Sorry for not replying sooner I just got back from a trip.

I haven't though it through extremely closely but I believe
the stores into that variable in check_nmi_watchdog could
legitimately be optimized away by the compiler if it doesn't
have a hint. As the variable is auto and is never used
after the store without volatile it seems a reasonable
assumption that no one else will see the value.

If the variable was static the volatile would clearly be unnecessary
as we have taken the address earlier so at some point the compiler
would be obligated to but with the variable being auto the rules are a
little murky.

Eric

2005-10-14 18:53:12

by Andy Isaacson

[permalink] [raw]
Subject: Re: i386 nmi_watchdog: Merge check_nmi_watchdog fixes from x86_64

On Thu, Oct 13, 2005 at 10:13:12PM -0600, Eric W. Biederman wrote:
> Andrew Morton <[email protected]> writes:
> > [email protected] (Eric W. Biederman) wrote:
> >> static int __init check_nmi_watchdog(void)
> >> {
> >> + volatile int endflag = 0;
> >
> > I don't think this needs to be declared volatile?
>
> I haven't though it through extremely closely but I believe
> the stores into that variable in check_nmi_watchdog could
> legitimately be optimized away by the compiler if it doesn't
> have a hint. As the variable is auto and is never used
> after the store without volatile it seems a reasonable
> assumption that no one else will see the value.
>
> If the variable was static the volatile would clearly be unnecessary
> as we have taken the address earlier so at some point the compiler
> would be obligated to but with the variable being auto the rules are a
> little murky.

I don't think it's murky at all; since you took the address and passed
it to another function, the compiler has to assume that you saved the
pointer away and will be referring to it later. (Unless the compiler
can prove that you *won't* be referring to it later, such as if there
are no more function calls between the store and the variable going out
of scope, or if the compiler does whole-program optimization and can see
the entire data flow of that pointer and prove that it's not
dereferenced.)

Proving this using the standard is a bit of a challenge...

6.2.4:
4 An object whose identifier is declared with no linkage and without the
storage-class specifier static has automatic storage duration.
5 For such an object that does not have a variable length array type,
its lifetime extends from entry into the block with which it is
associated until execution of that block ends in any way. (Entering an
enclosed block or calling a function suspends, but does not end,
execution of the current block.)

6.5.3.2:
3 The unary & operator returns the address of its operand. If the
operand has type ``type'', the result has type ``pointer to type''.
4 The unary * operator denotes indirection. If the operand ... points to
an object, the result is an lvalue designating the object. If the
operand has type ``pointer to type'', the result has type ``type''.

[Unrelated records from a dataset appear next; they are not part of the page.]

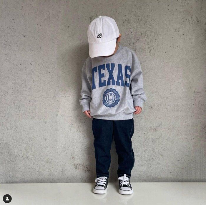 mahoさんはしまむらで買ったキッズトレーナーでコーディネート♪ 毛玉ができにくそうな生地だそうで、特にシルエットがお気に入りだそう!さらにヴィンテージ感のあるデザインも魅力的なポイントとのこと。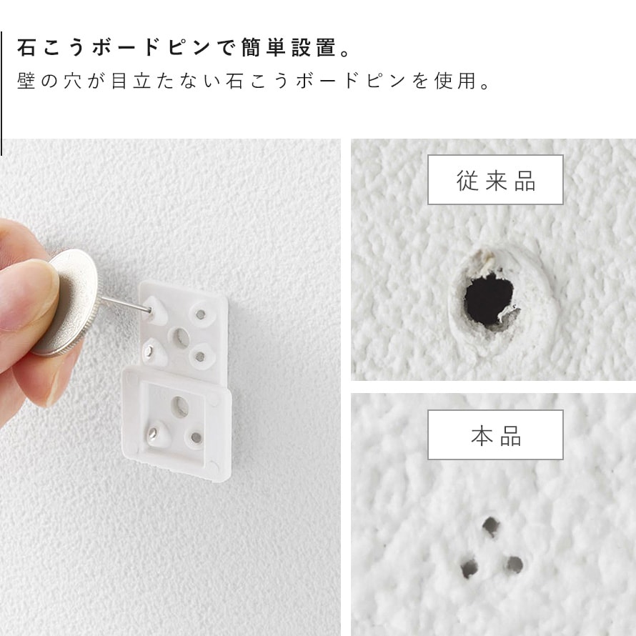 壁の穴が目立ちにくい石こうボードピンで簡単設置。
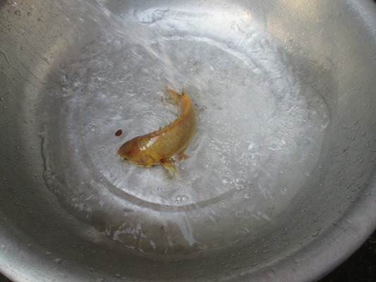 Thật bất ngờ sau khi rửa giỏ cá ngoài đồng, ông Khôi phát hiện một con cá rô màu vàng rất đẹp mà mình bắt được.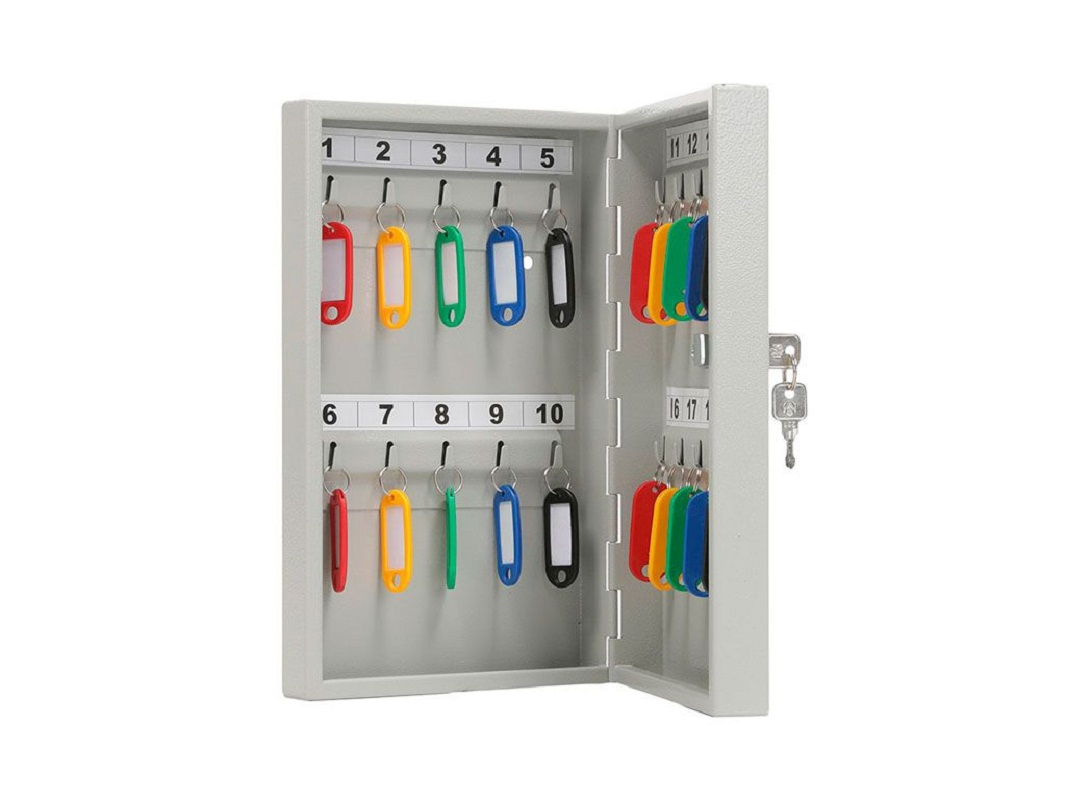 Ключница – это специализированный ящик для хранения ключей. Позволяет объединять и фиксировать все ключи в одном месте, тем самым уменьшает риск их утери и незаконного использования посторонними лицами. Закрывается на замок. Самый распространенный вариант исполнения – металлическая ключница. Размещается стационарно на стене, в корпусе предусмотрены отверстия для крепления. Окрашивание – полимерное. Данная модель имеет 20 крючков для навешивания ключей. Также в комплект входят пластиковые цветные брелоки, рассчитанные на количество ключей. Ключницы используют на предприятиях, в гостиницах, санаториях, общежитиях, в офисах, на контрольно-пропускных пунктах, в многоквартирных домах на посту консьержа и других помещениях.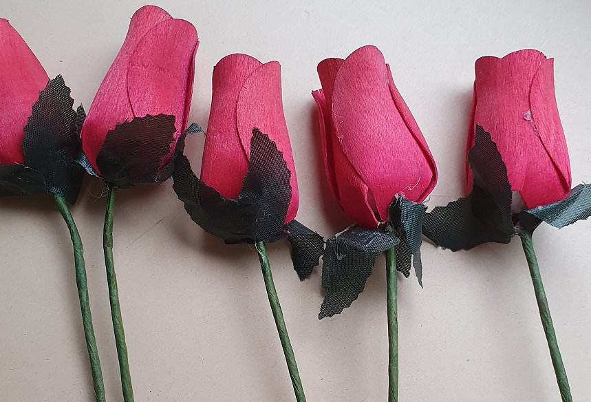 4 alte Holzrosen handgearbeitet aus dem Erzgebirge. Die Stengel sind
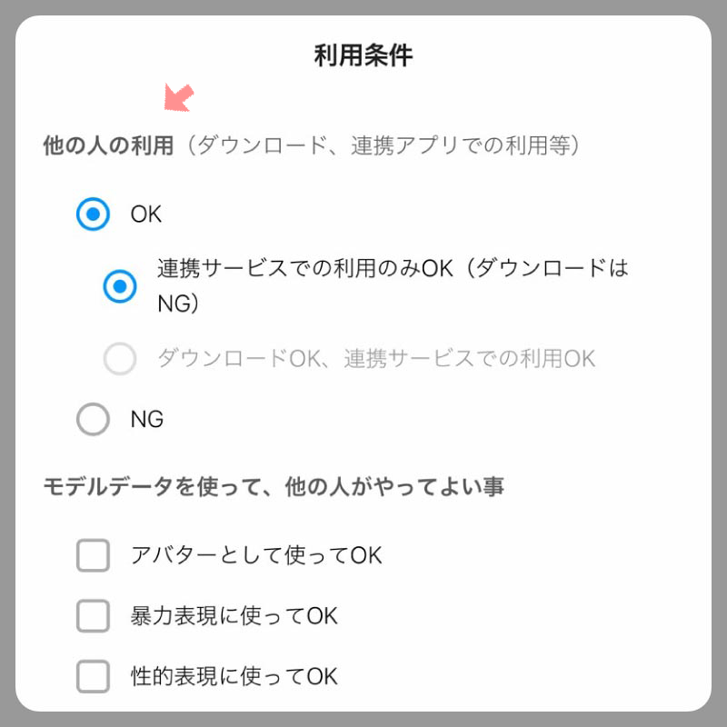 他の人に使ってもらいたいキャラクターは ①投稿画面で「利用条件を変更」ボタンを選択 ②「他の人の利用」をOKにして公開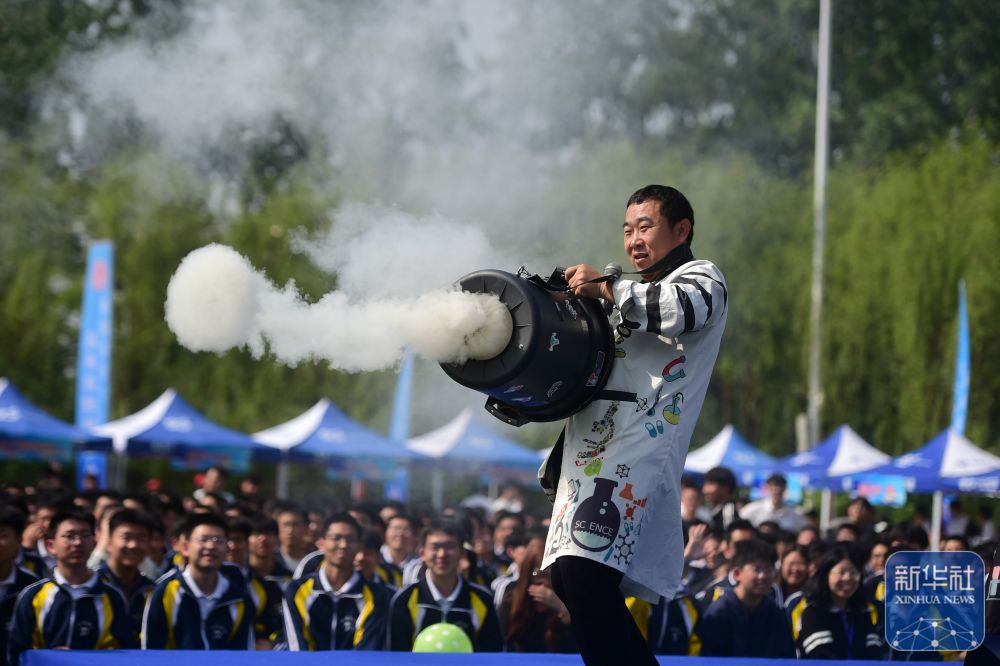 ↑ 4月18日,学生在校园科技节上参与“等离子大炮”科学实验。新华社发(傅新春摄)

So the object 'endflag' has lifetime extending until the end of the
function; you are permitted to take its address and pass that address to
a function (which stores it somewhere with static or allocated
duration); a later function call is then permitted to dereference the
stored pointer so long as 'endflag' has not yet passed out of scope.

Now, I think the following could hypothetically be a problem:

static int *bp;

int foo() {
volatile int flag = 0;
int blah = 0, count = 0;

bp = &blah;
pthread_create(baz, flag);
blah++;
while(flag == 0)
count++;
return count;
}

int baz(void *p) {
volatile int *flag = p;
int count = 1;
while(*bp == 0)
count++;
*flag = count;
}

An optimizing compiler could look at foo() and decide that since blah is
not volatile, and there are no function calls after it is incremented,
the increment can be discarded. But alas, baz() does check the value on
another thread.

I believe (but have not verified) that GCC simply inhibits
dead-store-elimination when the address of the variable has been taken,
so this theoretical possibility is not a real danger under gcc. And in
any case, it doesn't apply to your check_nmi_watchdog, because you've
got function calls after the assignment.

-andy

2005-10-15 12:50:27

by Eric W. Biederman

[permalink] [raw]
Subject: Re: i386 nmi_watchdog: Merge check_nmi_watchdog fixes from x86_64

Andy Isaacson <[email protected]> writes:

> On Thu, Oct 13, 2005 at 10:13:12PM -0600, Eric W. Biederman wrote:
>> Andrew Morton <[email protected]> writes:
>> > [email protected] (Eric W. Biederman) wrote:
>> >> static int __init check_nmi_watchdog(void)
>> >> {
>> >> + volatile int endflag = 0;
>> >
>> > I don't think this needs to be declared volatile?
>>
>> If the variable was static the volatile would clearly be unnecessary
>> as we have taken the address earlier so at some point the compiler
>> would be obligated to but with the variable being auto the rules are a
>> little murky.
>
> I don't think it's murky at all; since you took the address and passed
> it to another function, the compiler has to assume that you saved the
> pointer away and will be referring to it later. (Unless the compiler
> can prove that you *won't* be referring to it later, such as if there
> are no more function calls between the store and the variable going out
> of scope, or if the compiler does whole-program optimization and can see
> the entire data flow of that pointer and prove that it's not
> dereferenced.)
>
> Now, I think the following could hypothetically be a problem:
>
> An optimizing compiler could look at foo() and decide that since blah is
> not volatile, and there are no function calls after it is incremented,
> the increment can be discarded. But alas, baz() does check the value on
> another thread.
>
> I believe (but have not verified) that GCC simply inhibits
> dead-store-elimination when the address of the variable has been taken,
> so this theoretical possibility is not a real danger under gcc. And in
> any case, it doesn't apply to your check_nmi_watchdog, because you've
> got function calls after the assignment.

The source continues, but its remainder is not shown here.